The doll came with a permanently raised tissue, a box of miniature antihistamines, and a warning label: May trigger empathy.
Field testing went well until the sneezing mechanism jammed. Twelve dolls began sneezing nonstop in a daycare center for three straight hours.
“Parents complained,” someone said, “that it was too accurate.”
Next came Free Solo Children—kids irresistibly drawn to vertical surfaces.
“They reject ropes,” the laser woman said. “And rules.”
The prototype doll had chalked hands, scuffed knees, and a serene smile that unsettled focus groups. During testing, one child used the doll as inspiration and climbed a grandfather clock.
“The flaw,” the cardigan man said gently, “was not the doll.”
Then there were the Percussive Timekeepers.
Some children regulate rhythm by taping a spoon to their skull.
“It’s neurological,” they explained. “And deeply irritating.”
The doll included three spoons, hypoallergenic tape, and a helmet “for quiet play.” Unfortunately, during field testing, several non-Percussive children began taping utensils to themselves in solidarity.
“We accidentally started a movement,” the laser woman admitted.
Other projects had fared worse.
A Narration Doll designed for children who announce their actions aloud was recalled after parents reported it had begun narrating their behavior.
“I am opening the fridge,” it said. “I am making poor choices.”
At lunch, I asked how HVD discovered new conditions.
“We listen to parents,” they said.
Parents, it turns out, submit symptom reports with impressive creativity: A daughter who organizes groceries by emotional temperature. A son who apologizes to furniture. A child who corrects grammar during arguments and then weeps.
“These are not flaws,” the cardigan man said. “They are opportunities.”
They showed me the CLASSIFIED WALL—behaviors not yet dollized.
Children who smell books before reading them. Children who clap when sentences end properly. Children who whisper apologies to the air.
“That’s where you come in,” they said.
The final interview question was blunt.
“Can you look at a child,” the laser woman asked, “and see a product?”
I thought of my own childhood habits. Counting steps. Assigning personalities to spoons. Believing water fountains were judging me.
“I think,” I said carefully, “that children are complicated.”
They nodded sympathetically.
“So is manufacturing.”
I didn’t get the job.
A week later, curiosity got the better of me and I returned to Plastikkind’s lobby, pretending I’d left my dignity in the parking lot.
The receptionist didn’t recognize me. Or rather, she recognized me too well.
“Your interviewer isn’t available,” she said. “But you can visit the showroom.”

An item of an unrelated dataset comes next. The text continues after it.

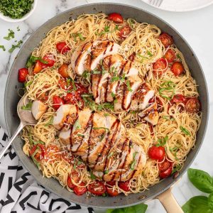 Return hot pasta to the pot or a large bowl. Add the bruschetta mixture and chicken slices, gently toss to combine. Add reserved pasta water gradually to loosen and help all the flavors blend into a silky yet light sauce.

Behind a glass wall stood a new display. Bright lights. Neutral carpeting. A pedestal. On it was a doll wearing a cardigan.
The resemblance was unsettling. Same mild smile. Same posture of patient disappointment. Same expression of a man who had once explained something slowly and meant it.
The placard read:
HVD SERIES – EARLY ADOPTER
This doll listens carefully. This doll nods. This doll explains why your feelings are valid but not actionable.

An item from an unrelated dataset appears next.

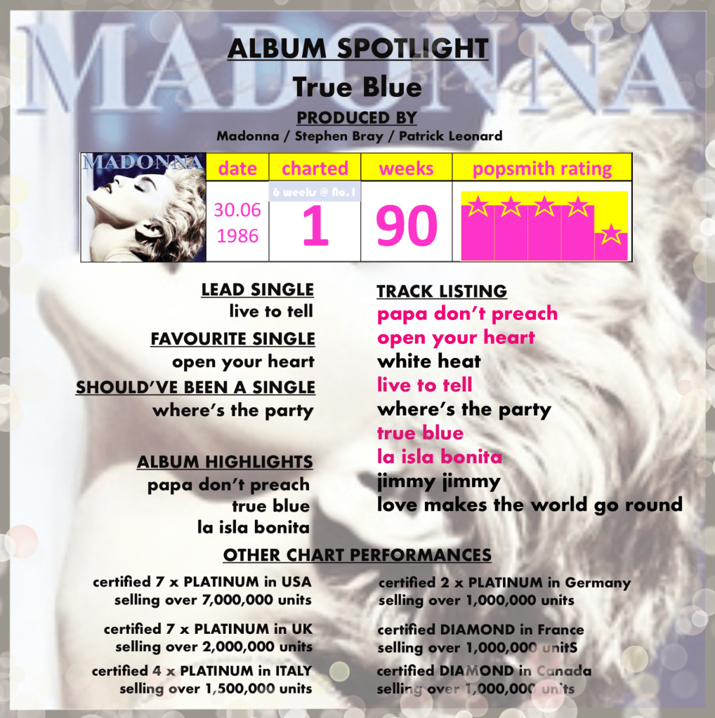 True Blue was the first album by an American artist to debut at No.1 in the UK Album Chart history, where it stayed for 6 weeks and spent a total of 85 weeks in the chart. She was really making her mark on the industry.

Accessories included a clipboard, a laser pointer, and a removable conscience.
I pressed the button on his back.
“It’s complicated,” the doll said. “So is manufacturing.”
The receptionist leaned in. “Field testing,” she whispered. “Turns out prolonged exposure to human variance eventually qualifies anyone.”
I backed away slowly.
On my way out, I sneezed seven times in a row.
No one wrote anything down.
Somewhere, a tiny silencer rolled across the showroom floor.